Раздав еду, Роберт уже хотел вернуться на свой пост, но вдруг вспомнил про новенького, которому он, как было велено, ничего не дал, а потому и не видел. Любопытство взяло свое, ведь не каждый день здесь появлялись смельчаки, способные плюнуть в лицо судье.
Роберт повернул в длинный коридор, который вывел его в другой тюремный блок. Пару лет назад здесь случился обвал, и свод подперли деревянными балками, но помещения использовать перестали и пленников не держали. Разве что тех, кто особенно прогневил суд.
Стражник осветил пространство вокруг и в дальнем углу увидел его. Плотный, хорошо сложенный мужчина сидел в тесном каменном мешке, прислонившись спиной к стене и откинув назад голову. Длинные светлые волосы были похожи на солому, лицо заросло щетиной, одежда вся износилась и протерлась. В руках он вертел какой-то деревянный колышек. Пленник повернулся на свет фонаря и безразлично спросил:
– Что, уже утро? А то я заждался, – английский пленника звучал с каким-то странным акцентом, какого Роберту доселе не доводилось слышать.
– Заждался чего? – не понял он.
– Ну как же! Казни!
– Тебя казнят? – глупо повторил стражник.
– Ну, по крайней мере, мне так сказали.
Роберт на мгновение потерялся. В самом деле, если этот человек и впрямь подбивал народ на мятеж, уже одно это оставляло его всего в одном шаге от виселицы. А он к тому же оскорбил суд и короля…

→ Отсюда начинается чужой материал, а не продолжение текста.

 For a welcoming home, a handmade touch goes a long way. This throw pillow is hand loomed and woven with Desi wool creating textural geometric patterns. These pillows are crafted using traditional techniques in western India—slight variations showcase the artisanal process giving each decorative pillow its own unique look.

Но не это удивило Роберта. Он уже не раз видел приговоренных к смерти, и наблюдал разные реакции. Одни мужественно переживали приговор, другие плакали, третьи тихо молились, четвертые прятались за напускной бравадой. Но никто из них не относился к своему приговору с таким вопиющим безразличием, какое читал сейчас Роберт на лице узника.
– Тебе что, совсем не страшно? – опешил стражник.

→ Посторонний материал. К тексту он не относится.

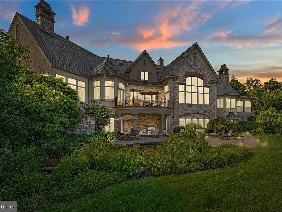 Nestled on a gorgeously manicured lot amid 10 secluded hilltop acres, this five-bedroom, 12,000+ sq-ft architectural masterpiece was lovingly designed by acclaimed architect Don Klinger to provide its owners supreme comfort and functionality while offering breathtaking views of the Susquehanna River Valley from nearly every room. With amenities too many to list (a sampling would include the five ensuite full baths plus four additional half-baths, the six fireplaces, and the 16,000-gallon outdoor koi pond with cascading waterfall), Hawkridge Estate takes mountain-side luxury living to a new level. Situated at the end of a private, wooded drive within a gated community, the mansion features an all-natural stone façade and grey slate roof, with a spacious circular driveway and a broad double garage cleverly hidden to the side. The lofty entrance portico guides visitors into a stately hand-chiseled limestone foyer adorned with shimmering chandeliers and a sweeping, wooden grand staircase that curls upward to the second-floor bedrooms and a luxurious executive office suite. Warm, sophisticated opulence characterizes every room of this three-story home, from the Great Room’s massive 24’-high beams and 1800-lb, no-seam rug imported from Thailand, to the elaborately hand carved millwork of the formal dining room. The expansive chef-quality kitchen features 200-year-old white oak floors, two-tiered solid granite counters, more than ample cabinet space, and a walk-in pantry. The regal owner’s retreat includes oversized closets and a jacuzzi surrounded by stained-glass windows. Hand-painted decorative tray ceilings throughout the house highlight natural motifs of plants, florals, and wildlife, elegantly complementing the house’s soothing earth-tone palette and Country French interior theme. The result is a retreat that is both luxuriously comfortable and hospitality ready.

– Страшно? – ухмыльнулся пленник. – Было б чего бояться.
– Святые угодники! Его ведут на плаху, и ему еще нечего бояться!
Узник лишь тихонько рассмеялся.
– Как тебя зовут, господин стражник?
– Роберт. Роберт Тиззл.
– Приятно познакомиться, Роберт Тиззл. А мое имя – Эдмунд. Так вот, будь это и в самом деле конец, я бы только спасибо сказал. Но я бессмертен, вот в чем беда.

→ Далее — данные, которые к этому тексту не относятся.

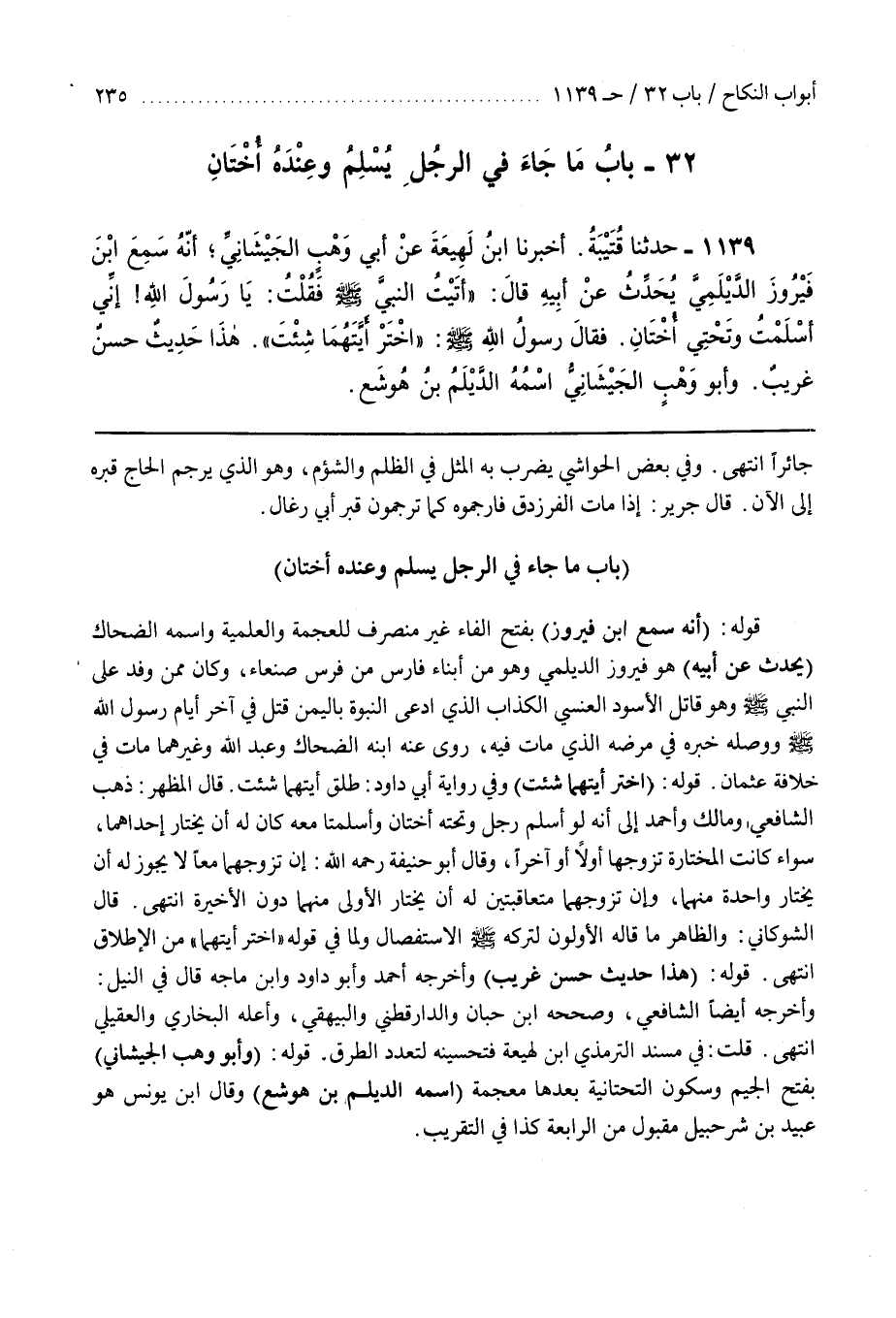 05 - (بَاب مَا جَاءَ فِي الرَّجُلِ يُسْلِمُ وعنده أختان)

– Что ты несешь?.. – скривился Роберт. Похоже, парень спятил перед казнью.
– Я ищу смерть уже много веков, но она с ловкостью дикой кошки ускользает от меня.
– Как это?
– Просто. Я пытался убить себя всеми способами: принимал яд, топился, бросался с утеса… Все бесполезно…
Роберт окончательно уверовал, что узник сошел с ума. Но в тот самый момент, когда он уже собирался повернуться и уйти, тот вдруг сказал:
– Ты мне, наверное, не веришь? Ну-ка смотри!
Он вдруг вскинул деревяшку, что крутил в руках, и ударил себя прямо в сердце.
– Боже милостивый! – воскликнул Роберт, когда Эдмунд безжизненно повалился на бок. Вот полоумный! Убил себя! И выбрал же время, теперь у Роберта будут такие неприятности…
– А вот и снова я, – неожиданно сказал труп.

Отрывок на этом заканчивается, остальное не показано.